TB2 got to it before me but before careful that you are actually comparing apples to apples as that was not a pure supply depot and had a variety of functions over the years.  Downsview in Toronto and #5 in Moncton would have been better examples.


----------



## FJAG (24 Apr 2022)

TangoTwoBravo said:


> Perhaps it is time for the Militia to consolidate within means and requirements as well?


It's long, long overdue.

The reason there is so much resistance to that is that every time there is a consolidation, it comes accompanied by a personnel reduction as well.

Back in Toronto, I joined the 7th Toronto Regiment RCA which had just been consolidated from 29th Fd Regt, 42 Medium Regt and 1 Locating Regiment. The three units combined could pretty much fill the parade square at University Armoury but it was demolished in 1963, the land handed over to the City to build a new law complex and the units distributed across the city. The combined regiment was moved to an old three story warehouse on Richmond Street for a few years while they finished building Moss Park Armoury.

Guess what. By the time we moved into Moss Park we could barely field a hundred folks. (a hundred and fifty with the band which was enormous 😁)

When one amalgamates/consolidates three units one needs to aggregate the authorized positions and provide the core resources to actually house and train that amalgamated unit and not look at the amalgamation as a force reduction and infrastructure reduction opportunity. This is why Reserves 2000 and all those honorary colonels fight so hard to retain units. (plus there's the CO/RSM multiple majors and CSM rice bowl thing too)
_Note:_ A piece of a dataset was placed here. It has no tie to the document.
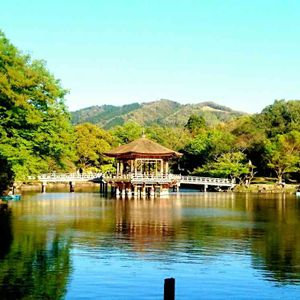 久しぶりの 【奈良シリーズ】 (ほぼ二年前の写真) 奈良公園の浅茅ケ原園地内にある 鷺池と浮見堂の風景 鷺池では、貸ボートに乗ることができ、ちょうど二年前の今日、乗りました。 遠くに見える山は 「高円山(たかまどやま)」 です。 奈良では、毎年8月15日夜、この高円山で 「大文字送り火」 が行われます。 奈良の大文字送り火は、8月16日、死者の霊をあの世に送り届ける京都・五山の送り火の趣旨とは異なり、歴史が浅く、戦没者慰霊の儀式として行われています。 「大」の字は高円山一か所のみですが、その字の大きさは日本最大級だそうです。 浮見堂周辺は、奈良・大文字の送り火の鑑賞スポットです。

Amalgamation is an absolute necessity. No question. The current system is archaic and not fit for purpose.

I'm a big fan of hybrid units where one CO and his command team is responsible for some 600 folks, both RegF and ResF, like 4 AD was. I frankly don't care if there is a QOR reserve company in greens, a 48 Highlanders reserve company in kilts and an RCR regular company in scarlet tunics on parade and if each company resides at different armouries day-to-day. Hell, the battalion can have one honourary colonel and three honourary lieutenant-colonels (one for each company) as long as it gets proper training, proper equipment and a role.

🍻


----------



## daftandbarmy (24 Apr 2022)

FJAG said:


> I'm a big fan of hybrid units where one CO and his command team is responsible for some 600 folks, both RegF and ResF, like 4 AD was. I frankly don't care if there is a QOR reserve company in greens, a 48 Highlanders reserve company in kilts and an RCR regular company in scarlet tunics on parade and if each company resides at different armouries day-to-day. Hell, the battalion can have one honourary colonel and three honourary lieutenant-colonels (one for each company) as long as it gets proper training, proper equipment and a role.
> 
> 🍻



This has been tried before, with limited success.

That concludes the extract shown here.